Otoritas Penerbangan AS Larang MacBook Pro dalam Penerbangan

Otoritas penerbangan sipil Amerika Serikat (The US Federal Aviation Administation/FAA) melarang model tertentu laptop MacBook Pro dalam penerbangan.
Denis Riantiza Meilanova
Denis Riantiza Meilanova - Bisnis.com 14 Agustus 2019  |  10:51 WIB
Otoritas Penerbangan AS Larang MacBook Pro dalam Penerbangan
MacBook Pro 15 Inci - Istimewa

Bisnis.com, JAKARTA - Otoritas penerbangan sipil Amerika Serikat (The US Federal Aviation Administation/FAA) melarang model tertentu laptop MacBook Pro dalam penerbangan.

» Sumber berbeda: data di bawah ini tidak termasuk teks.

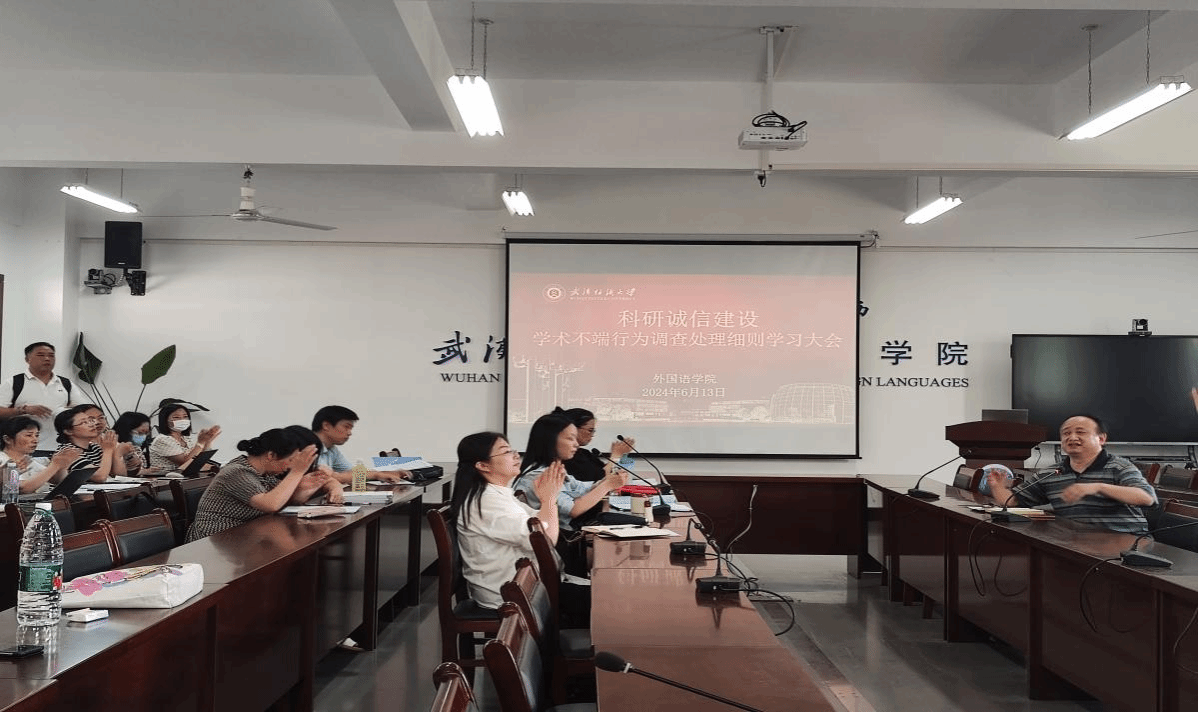 为响应学校倡议,营造良好的学术氛围,维护学术领域的纯洁性,6月13日,在04-303会议室,外国语学院召开了全院教师大会,集中学习由校学术委员会下发的学术不端调查处理细则,会议由副院长罗绮伦主持。
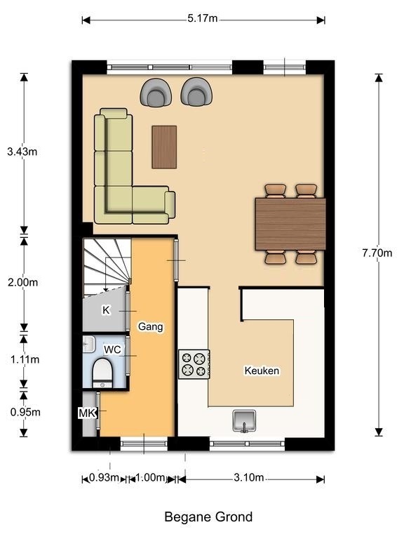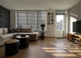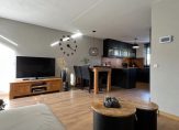 De gehele begane grondvloer is afgewerkt met een nette laminaatvloer.
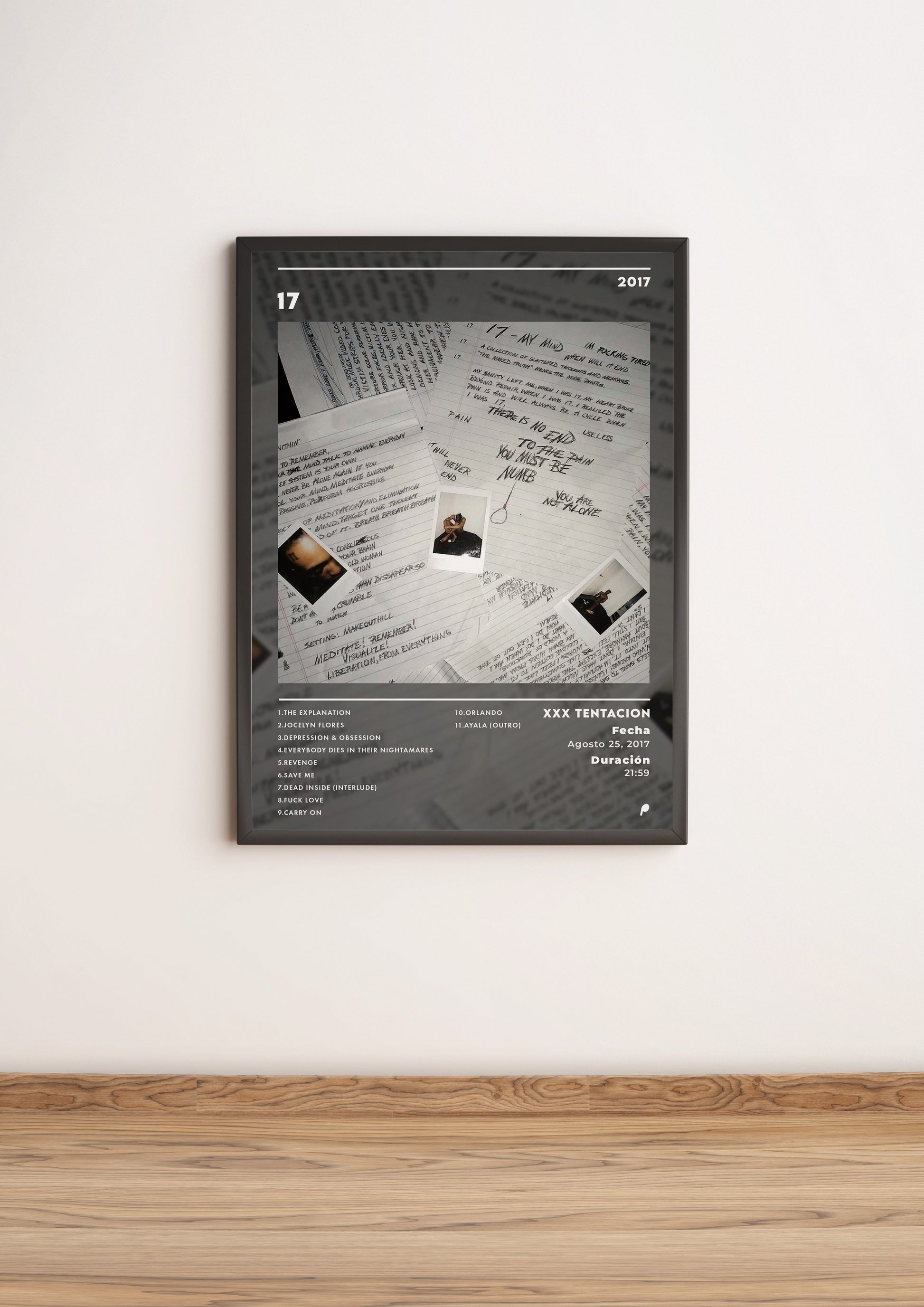 Sumérgete en la intensidad emocional y la introspección profunda con este póster inspirado en el álbum "17" de XXX Tentacion. Impreso en papel de alta calidad de 250g/m², captura la esencia cruda y auténtica de las notas manuscritas y fotografías personales que reflejan el caos interno y la vulnerabilidad del artista. Una pieza ideal para quienes buscan conectar con una expresión sincera y emocional, perfecta para darle un toque original y personal a cualquier espacio de tu hogar.

Larangan diterbitkan setelah baru-baru ini produsen MacBook, Apple Inc, menyatakan bahwa beberapa unit laptopnya memiliki baterai yang menimbulkan risiko kebakaran.

"FAA mengetahui tentang penarikan baterai yang digunakan di beberapa laptop Apple MacBook Pro dan kami telah memperingatkan maskapai tentang penarikan tersebut," demikian pernyataan FAA yang dikutip dari Bloomberg, Rabu (14/8/2019).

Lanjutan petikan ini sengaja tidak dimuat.